I figured Harry was living alone, life didn’t have the meaning it once did, so he takes risks others wouldn’t. Whether he gets to keep his job or not, lives or dies, doesn’t matter. So what if the guy took the chance, grabbed for the shotgun, and killed him? Problem solved. What if there were still a bullet in the chamber and he killed the guy? In 2020 we have BLM but back then not so much. It could be an ongoing game where he finds out whether he lives or dies.
Is this where someone in law enforcement comes in and says “Training drilled it into us from day one to count your shots because how else will you know when you need to reload?”
Harry knew he still had a round in his gun (hell, he time to reload while he walked over), but he gave the “Do you feel lucky” speech to Scorpio because he wanted him to go for his gun. At that point, Scorpio was unarmed with a bullet in his shoulder. Even Harry would have had a tough time shooting him if he tried to surrender instead. So Harry goaded Scorpio into going for his gun so he could kill him.
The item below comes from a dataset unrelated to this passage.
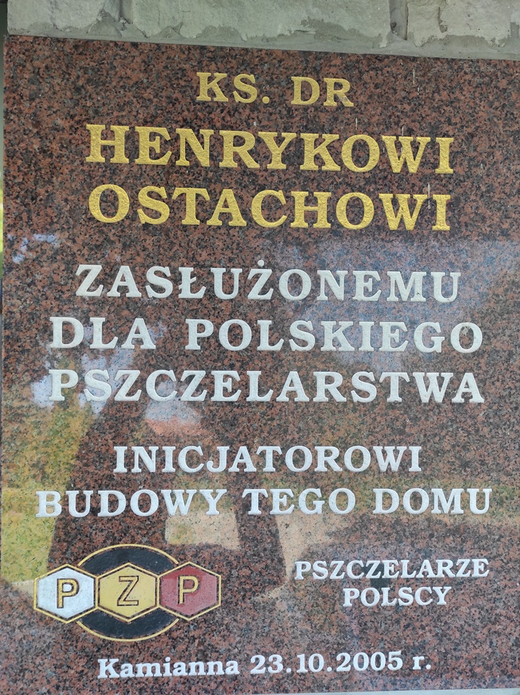 KS. DR / HENRYKOWI OSTACHOWI / ZASŁUŻONEMU / DLA POLSKIEGO / PSZCZELARSTWA / INICJATOROWI / BUDOWY TEGO DOMU / PSZCZELARZE / POLSCY / Kamianna, 23.10.2005 r.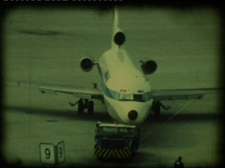 AIRBRIDGE (D 1979) ca. 17 min, Stummfilm, Farbe Der Film diente als Übungsfilm. Der Hauptakteur bekommt Besuch, der rund eine Stunde vor Ankunft anruft. Danach wird immer wieder zwischen zwei Handlungen umgeschaltet. Während der Hauptakteur die Wohnung putzt und sich schön macht reist der Besucher vom Flughafen zu ihm. Zum Schluß das Gegenteil. Der Hauptakteur liest, immer wieder unterbrochen von Szenen der Rückreise, der Flugzeugcheck und der Abflug. - Es ist auch der einzige Doppelgängerfilm. Der Besucher und der Hauptakteur werden von der gleichen Person gespielt.

Maybe Harry did reload. Listen to the sound effect at 1:30 just before you see the gun. What else could it be other than the hammer being pulled back? (Serious question, not a rhetorical question.) Did Harry advance the cylinder to the next chamber? Was the next chamber the now the spent first chamber? Obviously not. Did he fire four shots instead of five? I didn’t bother to count them. Maybe Harry just spun the cylinder around back to the empty fifth chamber (off camera) so that he could pull the hammer back before firing on the sixth cylinder. He would do this because the amount of effort to pull the trigger is less and the accuracy of the shot is better in single action than it is in double action.
On the one hand, I hate how he dismisses anyone that doesn’t follow his personal cop philosophy. Like the cop that didn’t like the fact he killed someone, and Harry sneers at him as being weak.
On the other hand, i love how he handled the plane hijacking.
Eastwood pulls the trigger, gun goes “click”, bad guy shits himself then realizes he’s been had. Harry laughs. Audiences in theaters laughed with him. Can’t remember where I read it but someone felt that the moment when Harry laughs is the moment at which actor Clint Eastwood a superstar.